The initial team was composed of Garriott, Starr Long, Rick Delashmit, Scott Phillips and, a bit later, Raph Koster, who became the lead designer. Koster wrote public "designer letters" and usually went by his nickname of Designer Dragon. Koster drew inspiration from prior online games, such as DartMUD.

The project started in 1995 and was presented to the public at E3 as "Ultima Online: Shattered Legacy" in May 1996. Origin claimed to have more than 3,000 participants in the preliminary alpha testing. The development cost was much greater than for previous, offline computer games; it relied on people accessing servers via modem. Ultima Online's initial features included persistent player housing, skill-based character progression (without levels or classes), a craft-based and player-driven economy, and unrestricted player-versus-player combat.

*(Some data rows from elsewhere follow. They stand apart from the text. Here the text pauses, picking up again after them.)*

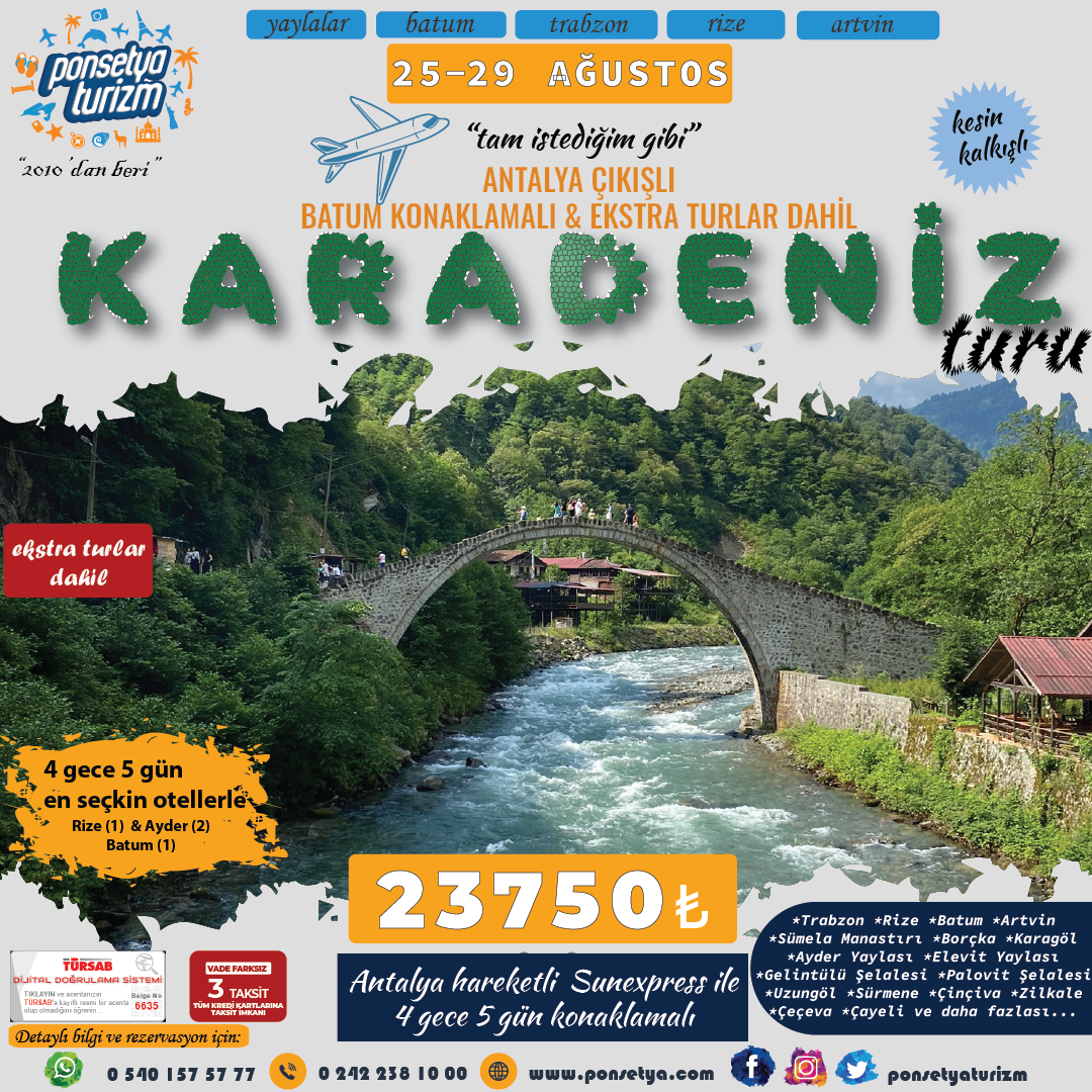 Rota: Ayder-Çağlayan-Borçka-Karagöl (150 km) Batum (90 km)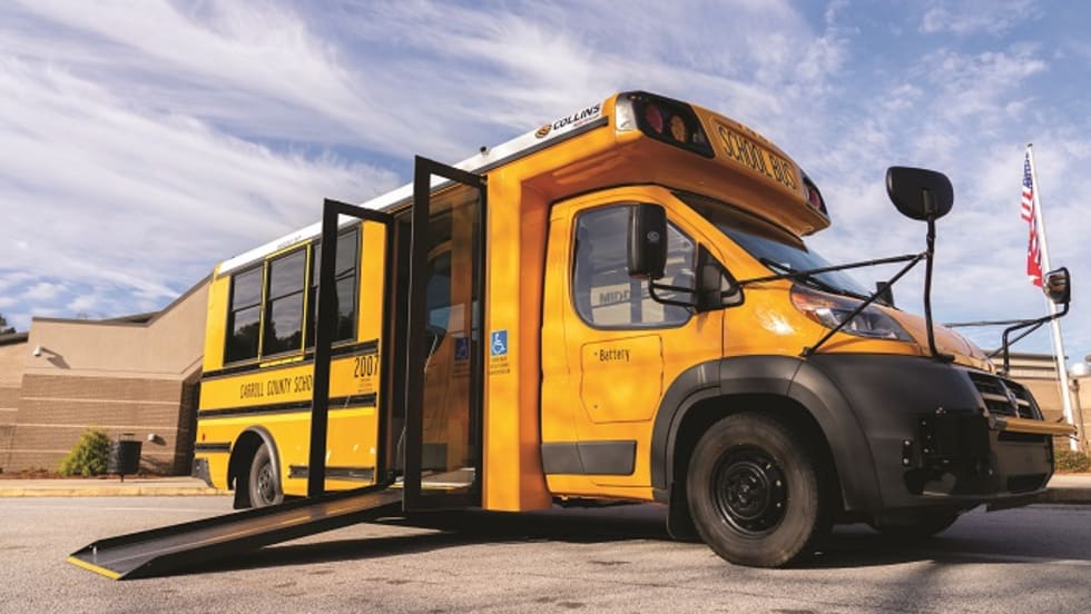 Collins Bus Corp.’s Low-Floor Bus features a ramp that enables faster, lift-free boarding for students in wheelchairs. Customers report increased comfort and empowerment through the ability to board with and sit near other students.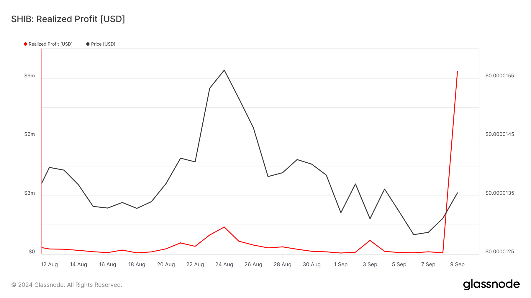 Shiba Inu’s recent price gains have driven market participants to lock in profits not seen in a long while. On September 6, SHIB’s price was $0.000012.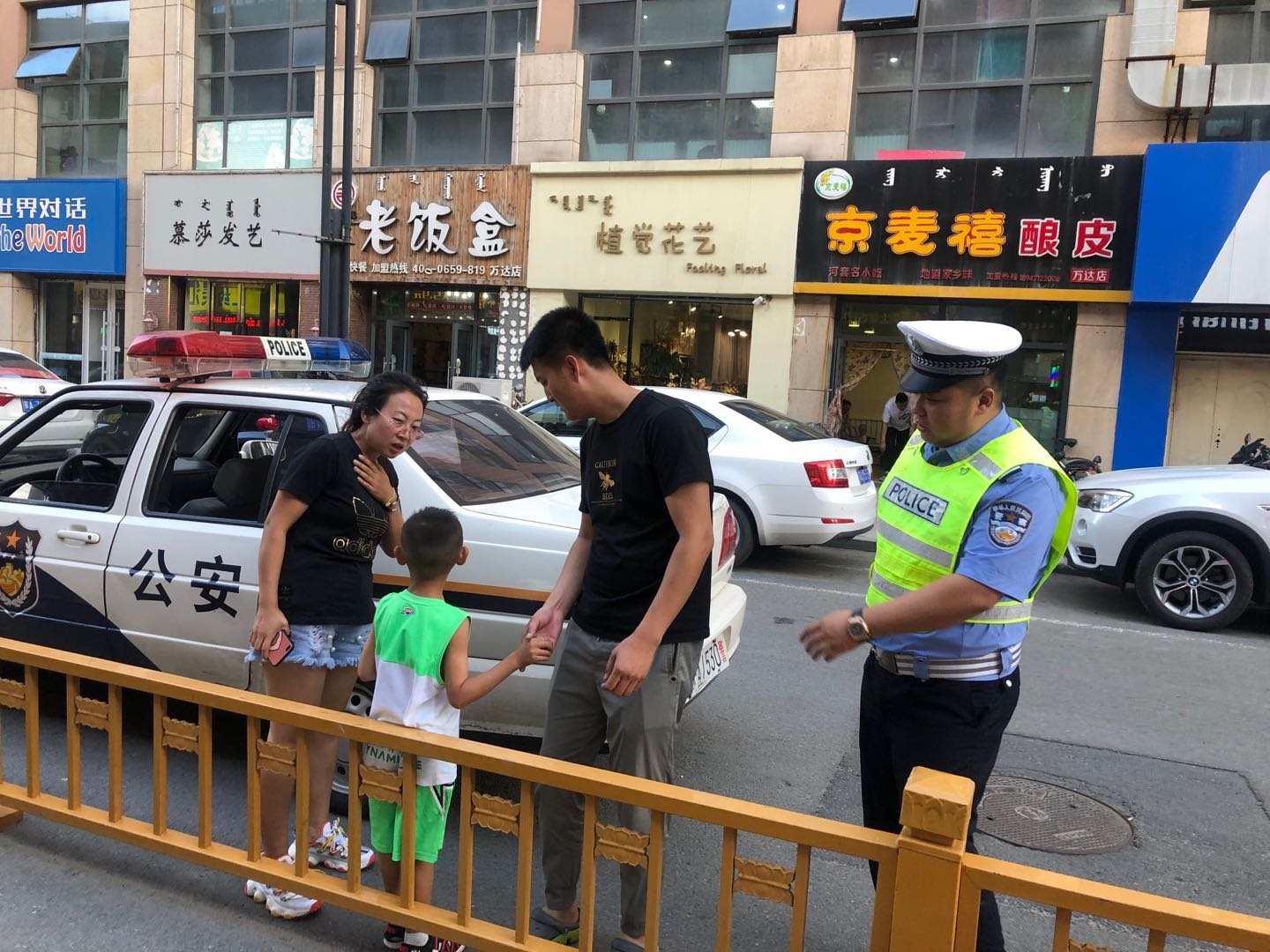 7月14日19時(shí)許,呼和浩特市萬達(dá)一巷,呼和浩特市公安局交警支隊(duì)賽罕大隊(duì)八中隊(duì)的民警正在這里巡邏。突然一名6歲左右的小男孩跑到執(zhí)勤交警律國(guó)偉面前:哭著說找不到父母,想請(qǐng)警察叔叔幫助尋找他的媽媽。

An artificial life engine was supposed to be implemented into the game. A preview announced that ecological events in the game would affect animal behavior, potentially creating new adventure possibilities in an organic manner. However, this feature never made it beyond the game's beta stage. Richard Garriott explained:
We thought it was fantastic. We'd spent an enormous amount of time and effort on it. But what happened was all the players went in and just killed everything; so fast that the game couldn't spawn them fast enough to make the simulation even begin. And so, this thing that we'd spent all this time on, literally no-one ever noticed – ever – and we eventually just ripped it out of the game, you know, with some sadness.

===Beta and assassination of Lord British===
Lord British was Garriott's in-game alter ego, who was killed during an in-game appearance at Ultima Onlines beta test on August 9, 1997. During a server population stress test, a player character known as Rainz cast the "fire field" spell, killing Lord British. Producer Starr Long blamed it on human error: Lord British's character, like others, had been made invulnerable to this kind of attack, but by design, the invulnerability did not persist over several game sessions. When the server crashed shortly before the incident, Garriott forgot to reset his invulnerability status. Shortly after, administrators banned Rainz's account from the beta test for repeatedly exploiting, rather than reporting, bugs. According to Origin, he was not banned for the assassination but rather for prior complaints against his account highlighted by this incident. Beta testers protested Rainz's ban as well as subsequent actions of Long and other developers, during which his in-game character used a command to summon Deamons to indiscriminately kill other characters who observed the assassination. September 23, 1997 was the last day of the original beta test. The beta ended with a bang, as players were treated to an "end of the world" scenario with Shadowlords, demons, and other evil creatures slaughtering every character in sight.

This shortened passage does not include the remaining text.